McDonald’s latest campaign defaces impressionist paintings and inserts the brand’s iconic symbols into rebellious painters’ masterpieces.
Marketing agency DDB Athens has reconceived Impressionism and placed the golden arches of the McDonald’s franchise into historical paintings for its latest “Meant to be Classic” ad campaign.
The campaign elevates the American brand to a “classic” with the unveiling of a series of ads based on impressionist paintings revisited with the restaurant’s emblematic symbols. In the campaign, the brand’s elements interact with impressionist artworks from Manet, Van Gogh, and Renoir, using the original pieces as a canvas for advertising expression.
In Édouard Manet’s In the Conservatory and A Bar at the Folies-Bergère, for example, characters interact with the branded fast food elements. They hold large cokes while standing over half-eaten McNuggets.
In Pierre-Auguste Renoir’s Figures on the Beach, ladies hold McDonald’s takeaway bags as they prepare for an oceanside picnic.
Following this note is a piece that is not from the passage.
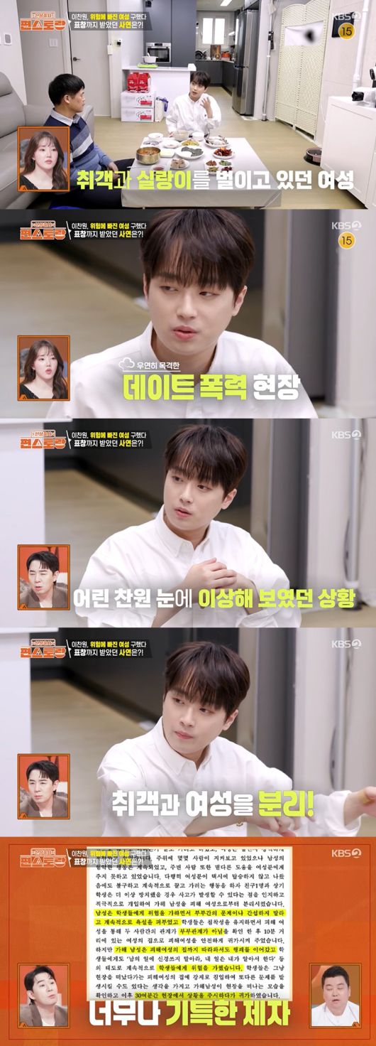 이찬원은 당시를 떠올리며 "친구를 만나러 가던 길이었다. 국밥집 앞에서 어떤 여성 분이 취객한테 너무 당하고 있었다. 지금으로 따지면 데이트 폭력 비슷하다"고 설명했다.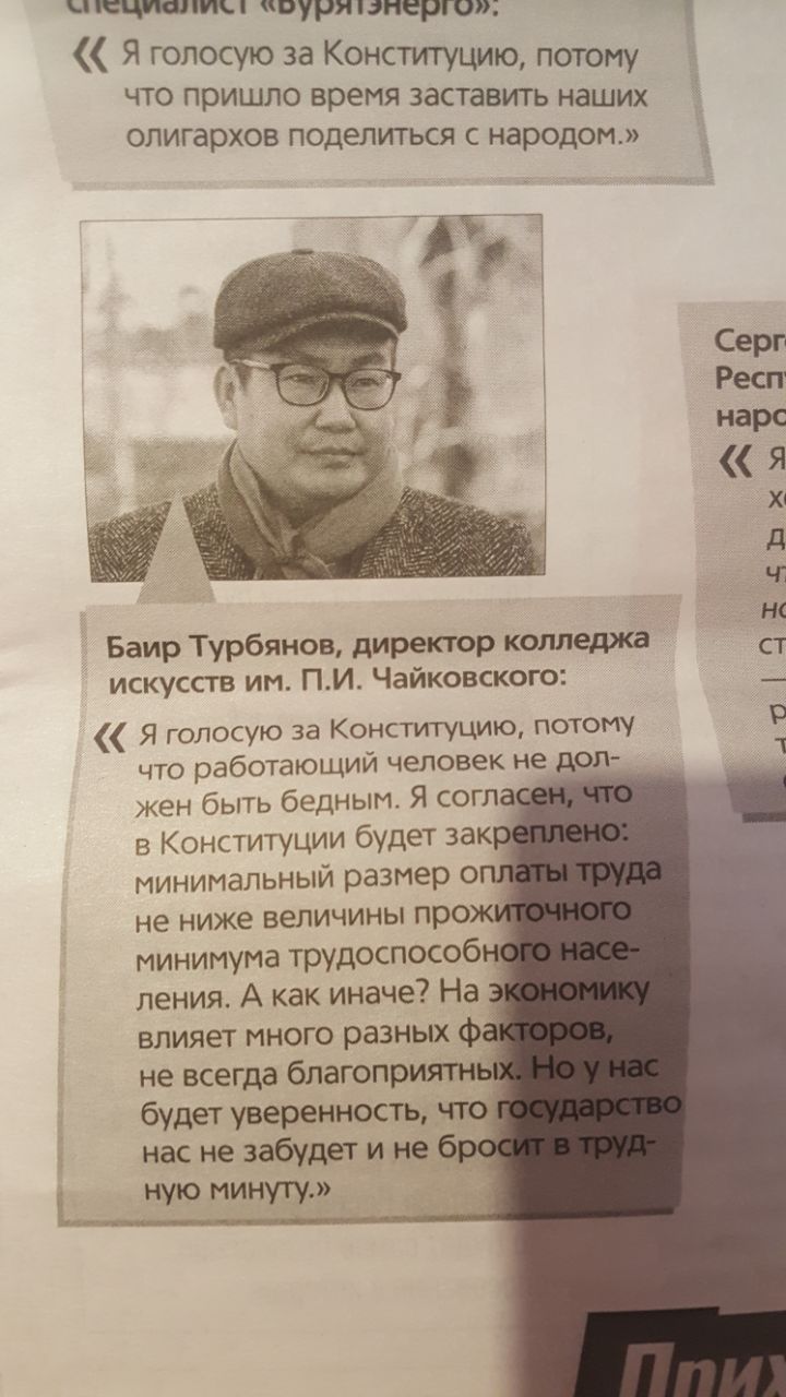На первой странице газеты размещен портрет Путина и надпись: «Голосуем ЗА!». «Нам выпал шанс, который бывает не у каждого поколения — принять участие в принятии новой редакции Конституции. <…> Прежняя редакция Конституции оставалась практически неизменной более четверти века [с 1993 года]. Пришло время внести коррективы. <…> Это будет новая эпоха в истории. Я призываю каждого жителя Бурятии прийти на участки и поддержать будущее нашей страны. Слово за нами!», — приводится заявление главы Бурятии Алексея Цыденова.

The marketing agency also revisited Vincent Van Gogh’s iconic self-portrait featuring a single bacon slice on his collar.
The agency seeks to build upon the revolutionary spirit of the talented and reckless oil painters, who in the 19th century France rose against harsh opposition from the art community for violating conventional rules. By doing so, it aims to assert McDonald’s as a modern classic.
The campaign project was directed by Costas Vanis and Eirini Tzioti, respectively, in the role of executive creative director and senior art director at DDB Athens. The illustrations were curated under the direction of Gerasimos Chatzis.
In the past, McDonald’s and TBWA\Paris similarly used impressionistic visuals of stormy skies and rain-drenched windows to make the case for ordering McDelivery service on a rainy day.